Hi @curita, thanks for the note. For my data science audience I think scrapy is the only non-python-3.4 package that matters, everything else that they (and I) use is already running with Python 3.4. I wish you all luck in the conversion, knowing the data science stack is almost fully 3.4 compliant really helps when planning larger-scale projects.

rmax commented 8 years ago

Is there any plan to replace mitmproxy requirement for tests?

kmike commented 8 years ago

@darkrho I don't know; I was thinking about porting it, not replacing.

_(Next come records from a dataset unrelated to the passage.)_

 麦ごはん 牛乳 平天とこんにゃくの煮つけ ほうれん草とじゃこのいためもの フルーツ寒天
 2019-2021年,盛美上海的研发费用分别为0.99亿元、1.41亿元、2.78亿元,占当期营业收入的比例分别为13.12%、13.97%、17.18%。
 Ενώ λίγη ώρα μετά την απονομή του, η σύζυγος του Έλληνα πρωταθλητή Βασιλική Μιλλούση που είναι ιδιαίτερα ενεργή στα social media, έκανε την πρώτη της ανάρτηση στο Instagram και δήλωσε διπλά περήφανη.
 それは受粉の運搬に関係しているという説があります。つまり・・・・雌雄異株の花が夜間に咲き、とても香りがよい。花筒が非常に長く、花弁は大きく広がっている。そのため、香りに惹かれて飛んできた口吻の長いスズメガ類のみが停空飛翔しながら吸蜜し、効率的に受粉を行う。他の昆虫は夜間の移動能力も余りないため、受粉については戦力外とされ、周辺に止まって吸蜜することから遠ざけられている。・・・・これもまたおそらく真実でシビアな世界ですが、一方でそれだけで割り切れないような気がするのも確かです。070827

Are there alternatives?

kmike commented 8 years ago

@ianozsvald I know your pain; Scrapy is the only reason I'm using Python 2 now :) At EuroPython me and @dangra tried to unblock the further porting - the bottleneck was in Request and Response objects, and they are ported now in https://github.com/scrapy/scrapy/pull/1384. It is still a long road to full Python 3 support, but we're in a much better shape now - 480 507 tests are passing in Python 3, compared to 248 before the sprint. Working Request and Response objects open a gate for other's contributions, so I expect Python 3 Scrapy support to get more love soon.

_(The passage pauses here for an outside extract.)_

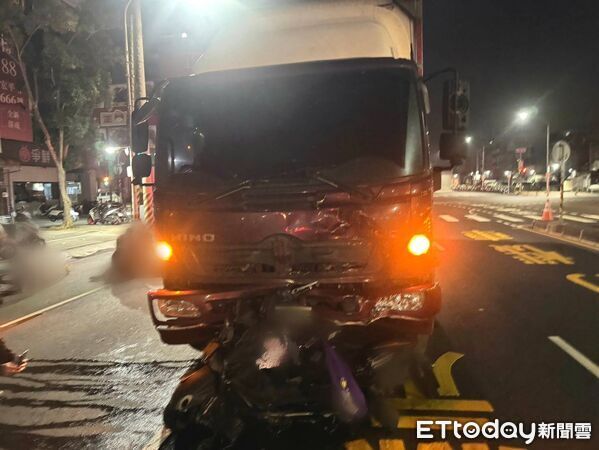 疑似因闖紅燈,遭到一輛由54歲王男駕駛的大貨車猛烈撞擊。警消獲報趕抵現場,立即將

ianozsvald commented 8 years ago

@kmike hey, that's lovely to hear (and Graham Markall [of Continuum] told me about the sprint), we'll certainly note this when we talk next week. Cheers!

kmike commented 8 years ago

For anyone interested in contributing I've created a wiki page (https://github.com/scrapy/scrapy/wiki/Python-3-Porting) with some information & guidelines.

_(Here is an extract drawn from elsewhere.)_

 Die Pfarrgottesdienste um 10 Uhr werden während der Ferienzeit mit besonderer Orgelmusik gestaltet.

stonebig commented 8 years ago

apparantly, twisted for python 3 is out ... https://twitter.com/hawkieowl/status/670885245328166912

stonebig commented 8 years ago

I don't understand, I suppose examples are not rewritten for Python3:

import scrapy 

class MySpider(scrapy.Spider):
    name = 'example.com'
    allowed_domains = ['example.com']
    start_urls = [
        'http://www.example.com/1.html',
        'http://www.example.com/2.html',
        'http://www.example.com/3.html',
    ]

    def parse(self, response):
        self.logger.info('A response from %s just arrived!', response.url)

with this error

>>> ================================ RESTART ================================
>>> 
Traceback (most recent call last):
  File "D:/WinPython/basedir34/buildBarebone/winpython-3.4.3/notebooks/scrapy.py", line 1, in <module>
    import scrapy
  File "D:/WinPython/basedir34/buildBarebone/winpython-3.4.3/notebooks\scrapy.py", line 4, in <module>
    class MySpider(scrapy.Spider):
AttributeError: 'module' object has no attribute 'Spider'
>>> 

Any idea how it should be written in Python 3 ?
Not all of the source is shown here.